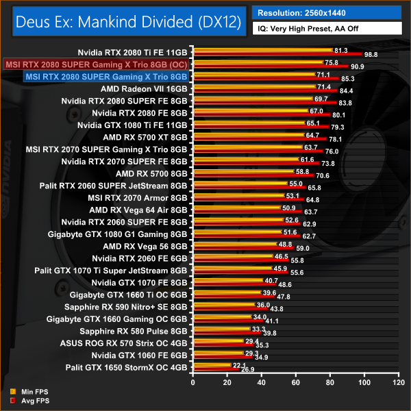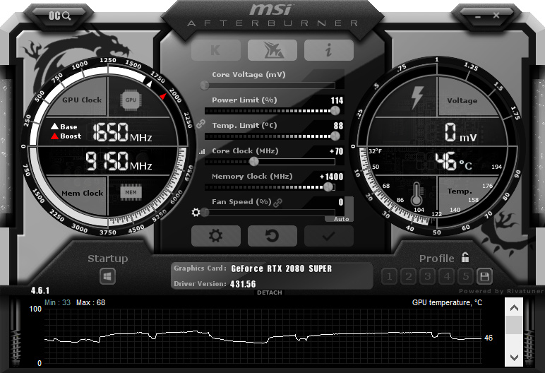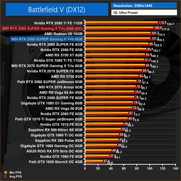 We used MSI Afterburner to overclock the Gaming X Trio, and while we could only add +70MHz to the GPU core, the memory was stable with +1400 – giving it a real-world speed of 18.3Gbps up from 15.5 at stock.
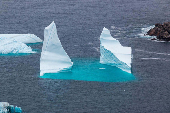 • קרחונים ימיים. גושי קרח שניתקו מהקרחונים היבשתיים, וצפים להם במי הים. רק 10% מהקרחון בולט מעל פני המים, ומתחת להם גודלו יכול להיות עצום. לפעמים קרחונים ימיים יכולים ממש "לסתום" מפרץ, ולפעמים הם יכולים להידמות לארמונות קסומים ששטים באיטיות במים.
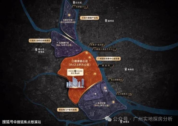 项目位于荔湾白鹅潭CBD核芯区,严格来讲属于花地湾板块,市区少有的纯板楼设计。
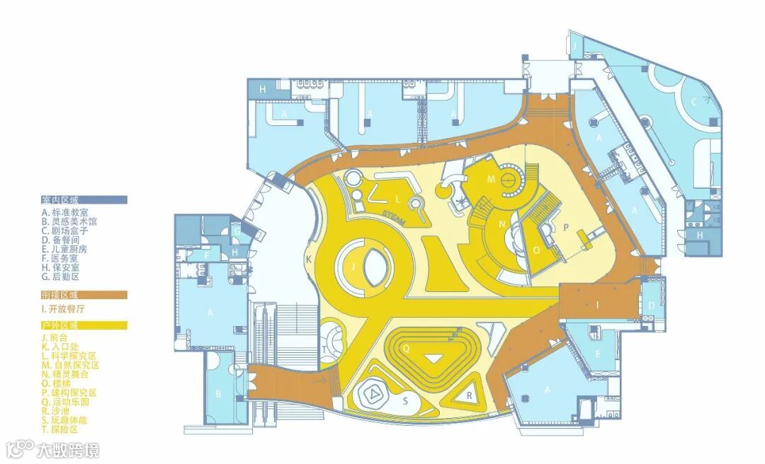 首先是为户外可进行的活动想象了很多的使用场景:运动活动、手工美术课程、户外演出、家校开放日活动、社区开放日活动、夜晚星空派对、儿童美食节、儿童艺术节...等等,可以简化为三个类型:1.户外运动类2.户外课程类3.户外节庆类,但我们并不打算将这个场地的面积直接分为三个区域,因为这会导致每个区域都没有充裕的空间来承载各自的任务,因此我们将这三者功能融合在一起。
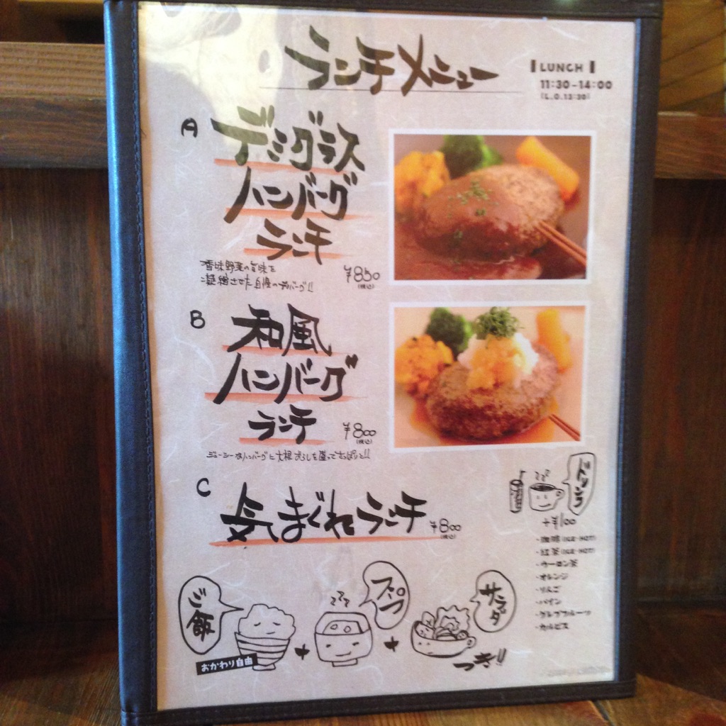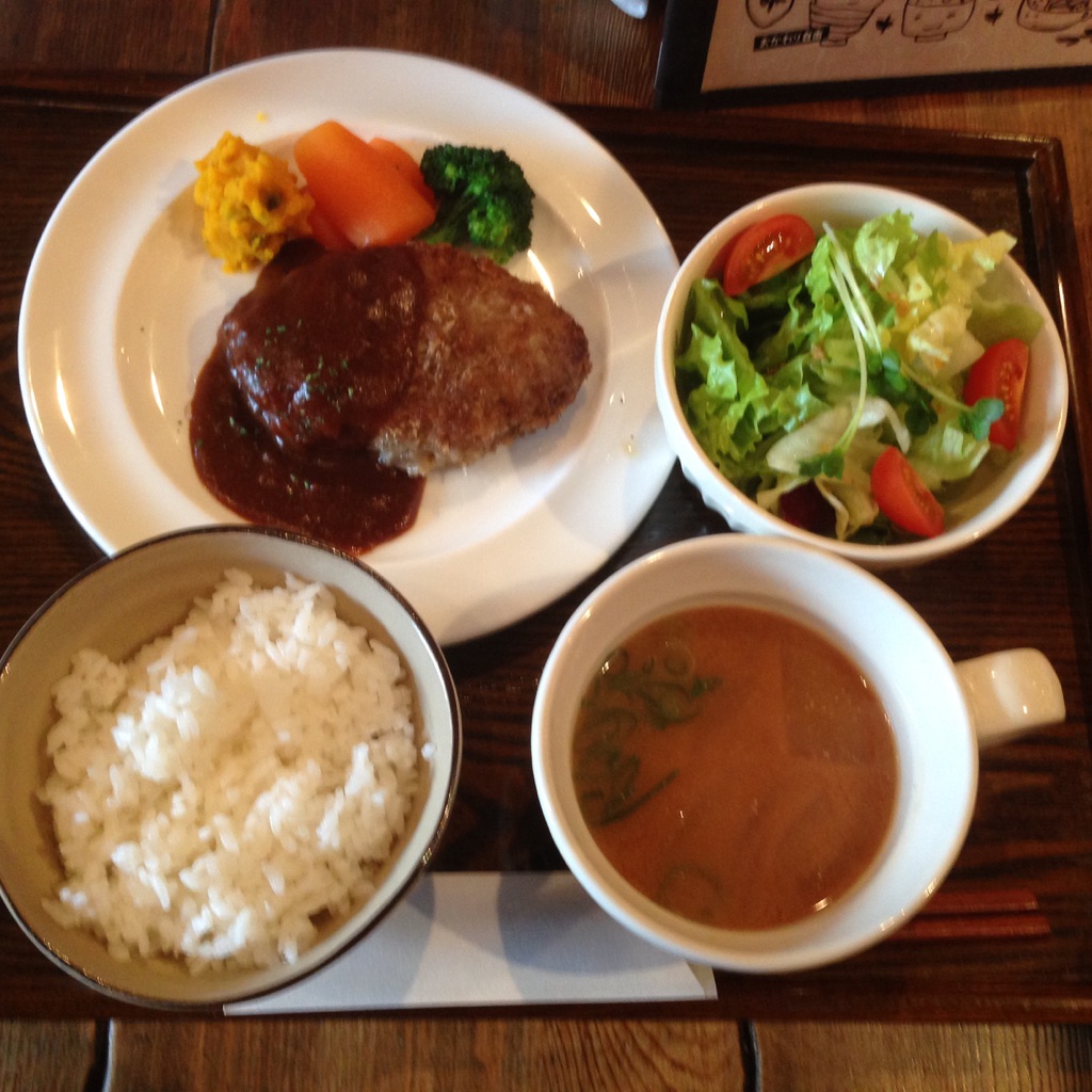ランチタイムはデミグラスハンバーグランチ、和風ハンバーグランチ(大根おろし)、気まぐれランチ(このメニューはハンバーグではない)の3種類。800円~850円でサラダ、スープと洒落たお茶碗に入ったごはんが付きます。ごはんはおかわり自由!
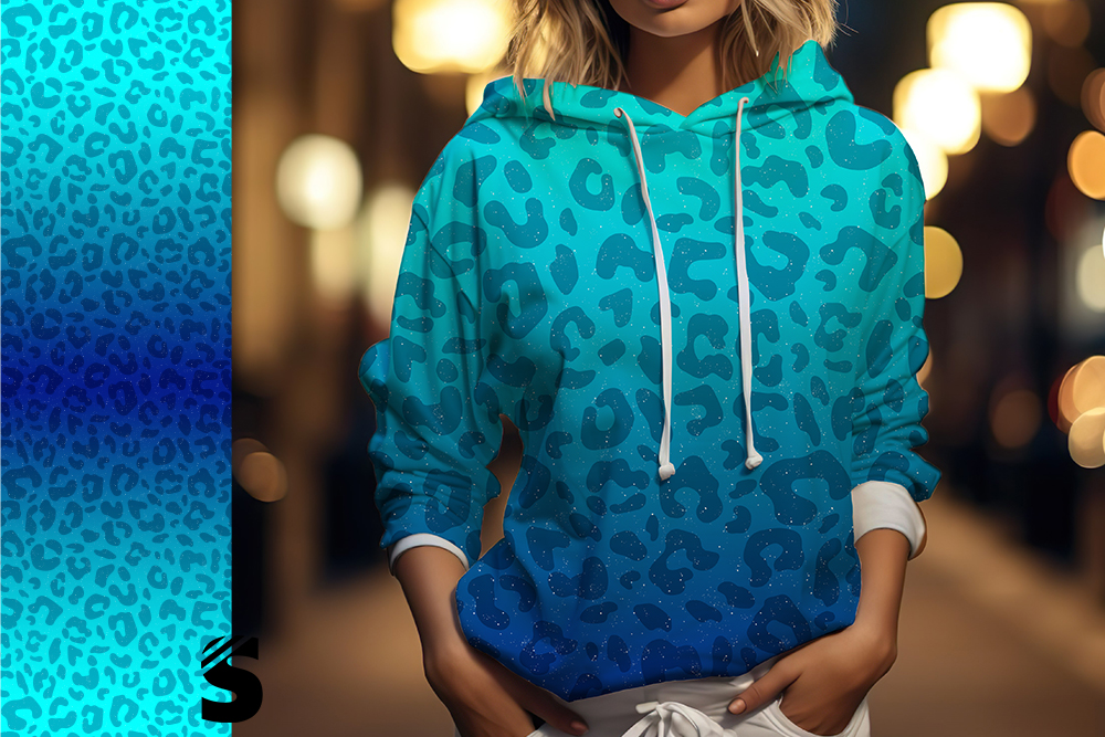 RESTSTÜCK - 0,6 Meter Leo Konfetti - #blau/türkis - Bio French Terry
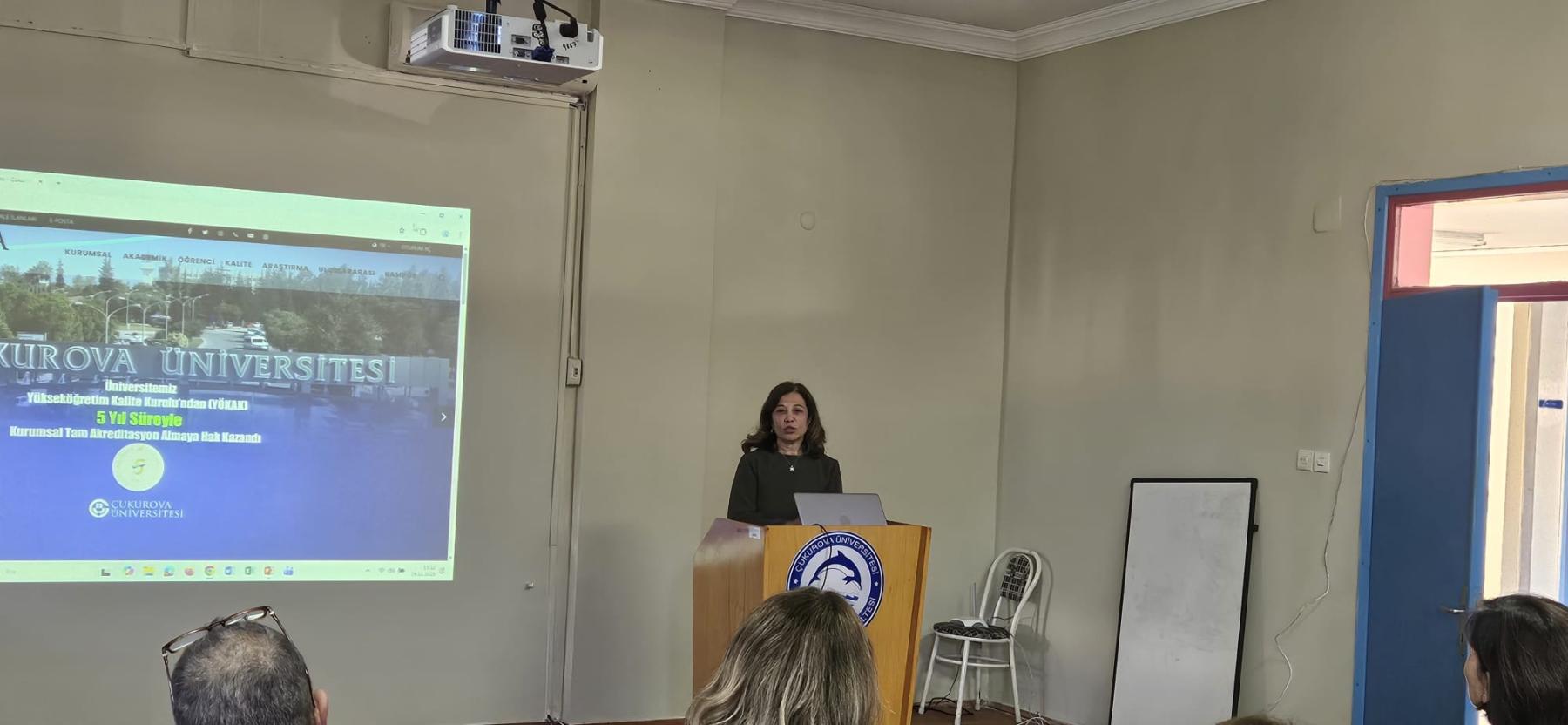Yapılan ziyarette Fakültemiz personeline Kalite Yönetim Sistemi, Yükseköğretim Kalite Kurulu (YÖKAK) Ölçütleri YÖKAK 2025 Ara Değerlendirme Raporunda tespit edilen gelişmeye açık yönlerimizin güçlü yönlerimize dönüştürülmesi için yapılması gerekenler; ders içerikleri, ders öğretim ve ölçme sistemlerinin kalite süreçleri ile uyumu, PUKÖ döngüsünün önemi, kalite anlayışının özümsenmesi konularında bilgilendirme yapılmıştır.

-----

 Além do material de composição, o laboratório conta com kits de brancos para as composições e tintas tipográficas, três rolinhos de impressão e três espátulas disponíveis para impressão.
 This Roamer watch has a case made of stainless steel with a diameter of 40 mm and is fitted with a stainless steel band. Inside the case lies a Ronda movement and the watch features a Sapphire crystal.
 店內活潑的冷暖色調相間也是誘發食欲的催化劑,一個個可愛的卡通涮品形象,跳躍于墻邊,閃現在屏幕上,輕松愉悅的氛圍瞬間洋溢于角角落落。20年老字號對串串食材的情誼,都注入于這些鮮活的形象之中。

-----

■ **WHAT NEEDS TO BE DONE**
Within the listing above, give again exactly every line from the line with "This Roamer watch" through the line with "店內活潑的冷暖色調相間也是誘", both included, and no other line.

■ **SOLUTION TO THIS EXERCISE**
 This Roamer watch has a case made of stainless steel with a diameter of 40 mm and is fitted with a stainless steel band. Inside the case lies a Ronda movement and the watch features a Sapphire crystal.
 店內活潑的冷暖色調相間也是誘發食欲的催化劑,一個個可愛的卡通涮品形象,跳躍于墻邊,閃現在屏幕上,輕松愉悅的氛圍瞬間洋溢于角角落落。20年老字號對串串食材的情誼,都注入于這些鮮活的形象之中。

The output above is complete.